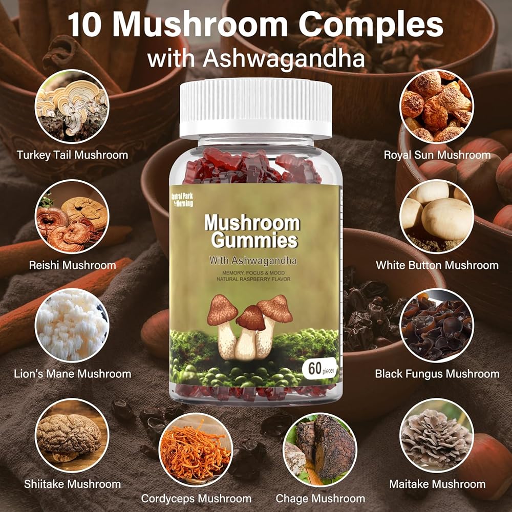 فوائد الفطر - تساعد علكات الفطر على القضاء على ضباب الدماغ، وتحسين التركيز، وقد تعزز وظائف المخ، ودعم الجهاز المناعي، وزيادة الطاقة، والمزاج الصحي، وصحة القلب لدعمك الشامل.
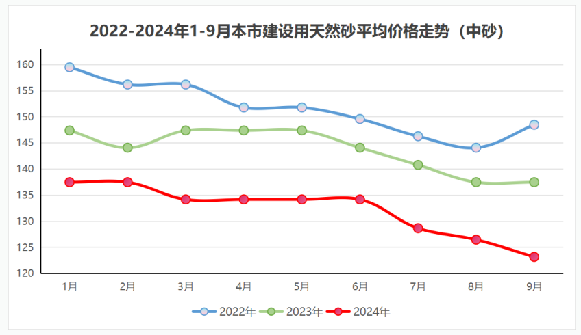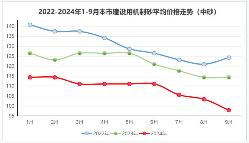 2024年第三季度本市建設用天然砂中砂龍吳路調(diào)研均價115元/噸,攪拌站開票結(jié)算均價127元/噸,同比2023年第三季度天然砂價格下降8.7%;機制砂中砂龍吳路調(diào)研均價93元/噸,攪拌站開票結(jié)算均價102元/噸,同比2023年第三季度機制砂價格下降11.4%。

────

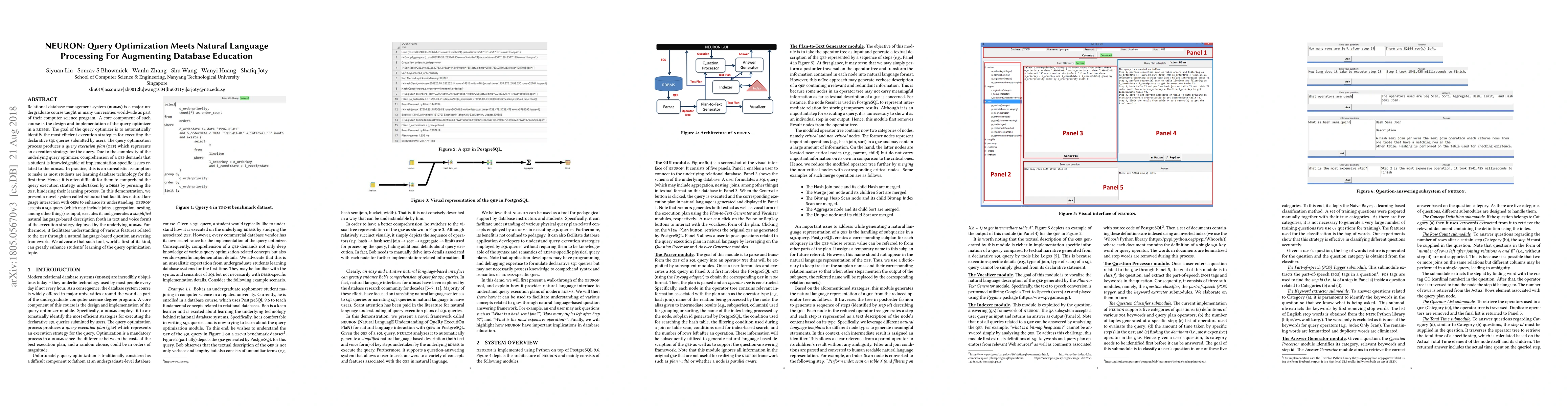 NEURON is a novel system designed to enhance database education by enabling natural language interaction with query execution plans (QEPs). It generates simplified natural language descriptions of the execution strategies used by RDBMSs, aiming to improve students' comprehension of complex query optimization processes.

────

PROBLEM REQUIREMENTS
Each line above from the one containing "فوائد الفطر - تساعد" through the one containing "2024年第三季度本市建設用" is to be returned verbatim. Nothing else, and no pictures.

ANSWER FOR THIS EXERCISE
 فوائد الفطر - تساعد علكات الفطر على القضاء على ضباب الدماغ، وتحسين التركيز، وقد تعزز وظائف المخ، ودعم الجهاز المناعي، وزيادة الطاقة، والمزاج الصحي، وصحة القلب لدعمك الشامل.
 2024年第三季度本市建設用天然砂中砂龍吳路調(diào)研均價115元/噸,攪拌站開票結(jié)算均價127元/噸,同比2023年第三季度天然砂價格下降8.7%;機制砂中砂龍吳路調(diào)研均價93元/噸,攪拌站開票結(jié)算均價102元/噸,同比2023年第三季度機制砂價格下降11.4%。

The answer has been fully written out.